Rodney David Donald (10 October 1957 – 6 November 2005) was a New Zealand politician who co-led the Green Party of Aotearoa New Zealand, along with Jeanette Fitzsimons.

He lived in Christchurch with his partner Nicola Shirlaw, and their three daughters.

Early political career
Donald held Values Party membership from 1974 to 1979 and then Labour Party membership from 1982 to 1988. On becoming national spokesperson of the impartial Electoral Reform Coalition from 1989 to 1993 he had to resign his party membership. After the success of the MMP referendum at the 1993 election he joined the Green Party in February 1994. After he became co-leader of the Greens in 1995, voters first elected him to Parliament in the 1996 election as an Alliance list MP.

The Green Party left the Alliance to stand alone in the 1999 election. He entered the 1999 parliament as number two on the Greens' party list. He retained his list seat in the 2002 and 2005 elections.

Member of Parliament

For many years Donald had a special interest in electoral reform in New Zealand. From 1989 to 1993 he served as spokesperson for the Electoral Reform Coalition during the campaign that led to the introduction of mixed-member proportional (MMP) representation. Subsequently, he played a major part in getting legislation passed to allow STV voting in local body elections in New Zealand. Co-leader Jeanette Fitzsimons described MMP as Donald's greatest legacy.

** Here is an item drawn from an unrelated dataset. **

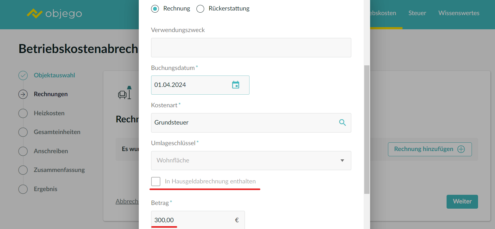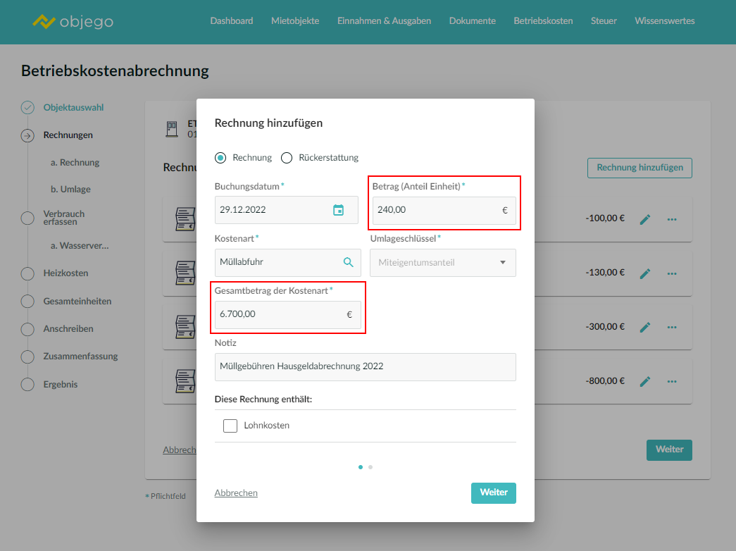 Eigentumswohnung(en) werden in objego als separates Objekt behandelt und unabhängig von den anderen Einheiten innerhalb des Objekts abgerechnet. Wenn Sie zwei Eigentumswohnungen innerhalb eines Mietobjekts haben, müssen die Kosten separat für die einzelnen Eigentumswohnungen eingetragen werden.

He also served as the Green Party spokesperson on Buy Kiwi Made, commerce, electoral reform, finance and revenue, land information, regional development and small business, superannuation, sustainable economics, state services, statistics, tourism, trade, and waste.

Death
Shortly after midnight on 6 November 2005, the day before his scheduled swearing-in for his fourth term in Parliament, he died suddenly at his Christchurch home after suffering for a few days from Campylobacter jejuni food poisoning from an unknown source. An autopsy initially ruled out a heart attack, but subsequent test-results determined that death resulted from an inflammation of the heart muscle (myocarditis), which is a very rare consequence of C. jejuni infection. He was 48 years old. His funeral, which took place at the Cathedral of ChristChurch, was attended by over 1,000 people.  His casket arrived on board an electric bus and his wake took place at the adjacent Warner's Hotel. The Parliament showed its respect for Donald by suspending a day of business, and a minute of silence was observed in the House of Representatives.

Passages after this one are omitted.